Sophie Gustafson (born 27 December 1973) is a Swedish professional golfer. She was a member of the U.S.-based LPGA Tour and is a life member of the Ladies European Tour (LET). She has five LPGA Tour and 23 international wins in her career, including victories on five of the six continents on which golf is played: North America, Europe, Australia, Africa and Asia. She is a four-time LET Order of Merit winner and represented Europe in the Solheim Cup on each team from 1998 to 2011. She won the Women's British Open in 2000, the year before it was recognized as a major championship by the LPGA Tour and finished runner-up in 2005 and 2006.

Early life
Gustafson grew up in Särö, outside Kungsbacka on the west coast of Sweden. At young ages, she practiced many different sports with her two elder brothers – football, tennis, table tennis, ice hockey, sailing and figure skating. When she was ten years old, a 9-hole golf course was built close to her home and Gustafson and her family began playing. At 14 years of age, she quit other sports, to concentrate on golf and got the opportunity to represent nearby situated Kungsbacka Golf Club, with 27 holes and better practice facilities. Showing great talent, she turned  professional at 18 years of age in 1992, whilst studying marketing, economics and law at Aranäs High School in Kungsbacka.
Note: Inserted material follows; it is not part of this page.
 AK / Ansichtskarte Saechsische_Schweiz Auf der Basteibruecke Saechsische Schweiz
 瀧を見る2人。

In 1993 she won the Swedish Junior Match-play Championship, which at the time, due to Sweden's "open golf"-policy was not restricted to amateurs only, but it was whiteout prize-money and unique that it was won by a young professional.

Professional career
From  1992 to 1994, Gustafson played 12 Telia Tour and four Ladies European Tour tournaments. On the Telia Tour, she had six top-10 finishes. Her best finish on the Ladies European Tour was a 22nd at her home tournament in Sweden.
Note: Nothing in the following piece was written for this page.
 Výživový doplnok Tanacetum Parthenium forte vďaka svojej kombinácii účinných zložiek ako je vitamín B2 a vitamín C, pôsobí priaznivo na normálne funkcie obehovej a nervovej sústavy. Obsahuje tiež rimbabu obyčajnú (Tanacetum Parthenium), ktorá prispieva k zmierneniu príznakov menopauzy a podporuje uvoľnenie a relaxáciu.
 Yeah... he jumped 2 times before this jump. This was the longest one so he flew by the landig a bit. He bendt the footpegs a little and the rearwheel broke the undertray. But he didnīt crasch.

1995 saw her join the Ladies European Tour gaining two top-10 finishes in 13 starts. 1996 was her first full year on the Ladies European Tour. She gained her first professional wins, winning once on the Telia Tour at the Rörstrand Ladies Open and once on the Ladies European Tour at the Déesse Ladies Swiss Open. In 1997 she earned her first win on the Ladies Asian Tour at the Thailand Ladies Open and  finished T40th at LPGA Q School to earn non-exempt status for 1998.
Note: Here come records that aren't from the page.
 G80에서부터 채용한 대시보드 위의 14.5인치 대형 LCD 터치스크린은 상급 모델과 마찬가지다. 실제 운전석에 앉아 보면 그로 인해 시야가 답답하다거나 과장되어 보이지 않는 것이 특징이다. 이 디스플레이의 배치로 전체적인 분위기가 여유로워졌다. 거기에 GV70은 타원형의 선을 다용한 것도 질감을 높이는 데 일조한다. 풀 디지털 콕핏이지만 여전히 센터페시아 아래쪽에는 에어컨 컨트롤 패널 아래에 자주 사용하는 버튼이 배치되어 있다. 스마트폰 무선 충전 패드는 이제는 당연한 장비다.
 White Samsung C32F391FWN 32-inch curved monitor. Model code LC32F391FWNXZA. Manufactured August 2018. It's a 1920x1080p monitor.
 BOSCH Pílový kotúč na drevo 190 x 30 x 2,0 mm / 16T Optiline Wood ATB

In 1998 Gustafson won twice on the LET at the Donegal Irish Ladies' Open and at the Marrakech Palmeraie Open, finish second on the Order of Merit and was voted Waterford Players' Player of the Year. She also played four times on the LPGA Tour, recording a second-place finish at the co-sanctioned Women's British Open. She also won the Telia Tour Finale  and made her debut in the Solheim Cup, replacing the injured Trish Johnson at the last minute. During 1999, Gustafson played on both the LPGA and Ladies European Tours. Her best result was a tie for second at the Ladies' German Open on the Ladies European Tour.

2000 was a breakthrough year for Gustafson. She got her maiden win on the LPGA Tour at the Chick-fil-A Charity Championship, and added a second LPGA title at the co-sanctioned Women’s British Open. She had two other wins in Europe at the Ladies Italian Open and at the Waterford Crystal Ladies' Irish Open, and partnered with Carin Koch to win the inaugural TSN Ladies World Cup Golf. She also won 2 and a half out of a possible four points in Europe's Solheim Cup victory at Loch Lomond.  The year ended with Gustafson topping the Evian Order of Merit and official Evian moneylist, being voted Swedish Player of the Year by the Association of Swedish Golf Writers and becoming Players' Player of Year'.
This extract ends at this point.